Hi, I have a disability and chronic illnesses, I'm in my 40s, and I'm from the USA. It feels like I can't cope at all with my illness symptoms. I have had diagnosed chronic illnesses for many years, but in the last month, I developed a new illness, which is still undiagnosed. (I know what happened, but the doctors don't diagnose anything from it. I was injured from a medication that was forced on me: steroids. I have not been the same since getting them. Nearly died. That's another story.)

The issue the steroids caused is spreading and worsening each day. The symptoms change and compile on top of each other. I can't get help at the ER; they just discharge me after taking labs and a CT scan. They won't admit me, and I don't have any doctors that have hospital admission privileges. I have lost so much functionality, and I feel that time is/was of the essence to get diagnosed and treated, to prevent further damage or even death.

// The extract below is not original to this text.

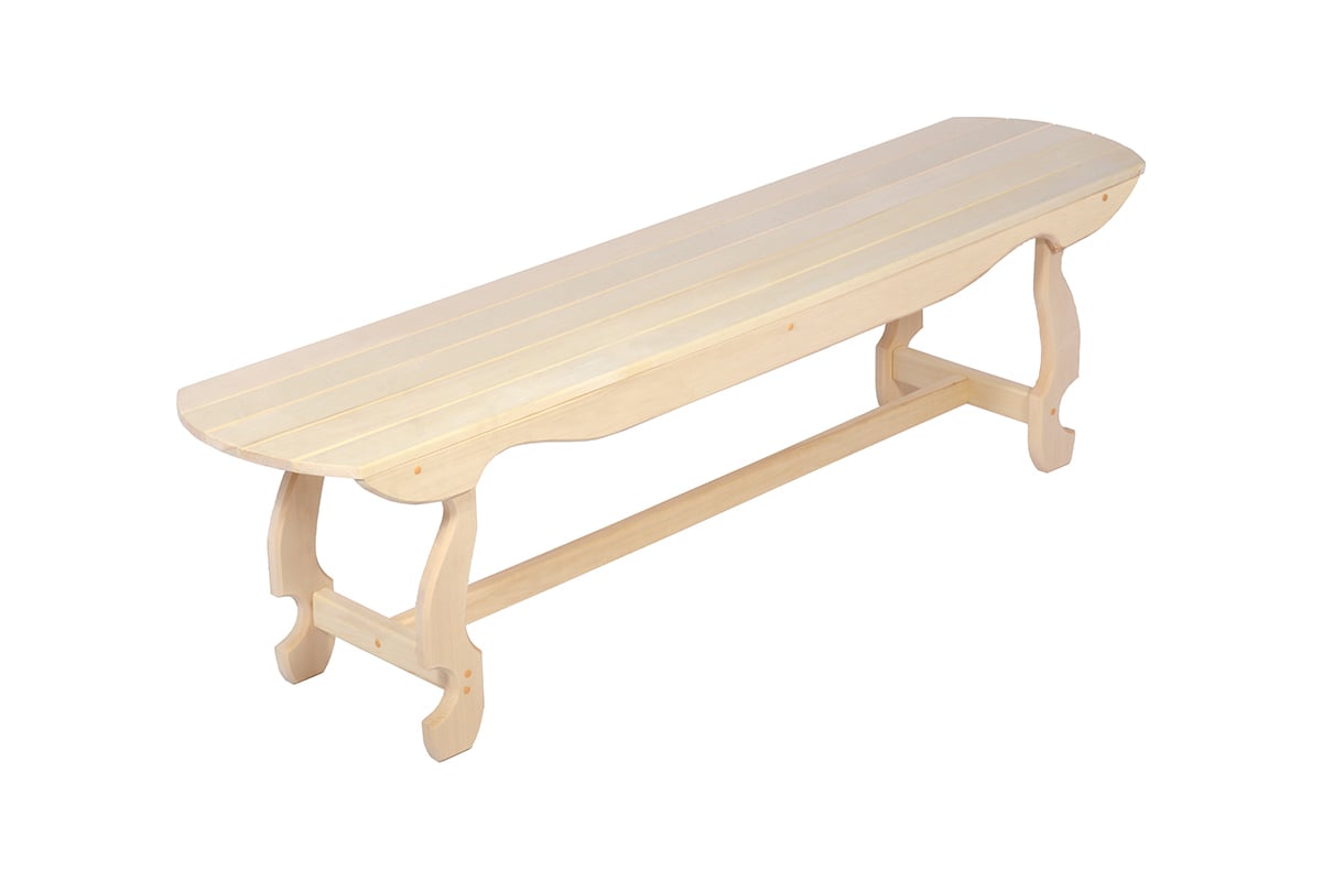 Лавка с фигурными ножками Банные штучки 160х40х43.5 см 32454 идеально подходит для комнат отдыха в бане и сауне. Сделана из липы. Закругленные углы позволяют избежать травм и царапин. Липа характеризуется низкой теплопроводностью, высокой прочностью, имеет лечебные свойства и приятный запах, который полезно вдыхать. Хорошо переносит повышенную влажность.

To be blunt, I truly feel like I'm in my final month or final few months of life, maybe even less than that. I have lost so much weight. They wouldn't even admit me when I told them I had not eaten in almost a month. A month of no food means I was essentially close to death. So, I tried to sign up for hospice, but I was able to eat the next day and ended up going onto palliative care instead. I still can hardly eat much, but at least I'm eating some. I think I'm getting about 700 calories per day. All through February I got about 100 calories per day, though. I was hardly able to drink and swallow liquids. After 3 days of no liquids you die. I was able to drink some but not enough to sustain life for much longer. Luckily now I can drink again, but not enough. I'm still dehydrated. They would not hydrate me because there's a shortage of saline bags and they have to ration them off. I understand. The bags have to go to their most critical patients, basically those who are literally dying. 

I can't continue to go to the ER because they'll send me home AND I'll end up catching more viruses / infections there. I became very immunocompromised last month, which showed in my labs. 

Anyway, right now, at this very second, I am in such a bad way physically, and I am just in so much pain and agony. The suffering is top level. I am near my max of what my body will handle. :( 
The worst part is that I can't get help at the hospital, as I said. Also, my outpatient doctors would take too long. I told my doctor I could not eat at all and she didn't offer any follow-up. I even told a gastro doctor that. He sent me for one test, for h.pylori. i didn't get the test yet. But it's not just my stomach. I've had issues through my entire body for years, but now there are new issues in the same organs... heart, brain, lungs, legs, arms, basically my entire body! My body is SO weak, and I don't have the strength, nutrients, fat reserves (very emaciated), caloric intake, or wellness to make any progress to at least return back to my baseline. My immune system isn't fighting anything off and I have so many viruses on top of each other as well as strep throat and a UTI spreading to my kidneys. I have bronchitis and getting over Covid, too. My migraines (pre-existing condition) are so severe. I have heart and lung issues (pre-existing). I have so much more... too much to get into here. 

Now I feel like I need to do some spiritual healing, but that's just grasping at straws. I'm a realist. I know what all this means. I'm in my final chapter of life, and it's very apparent. 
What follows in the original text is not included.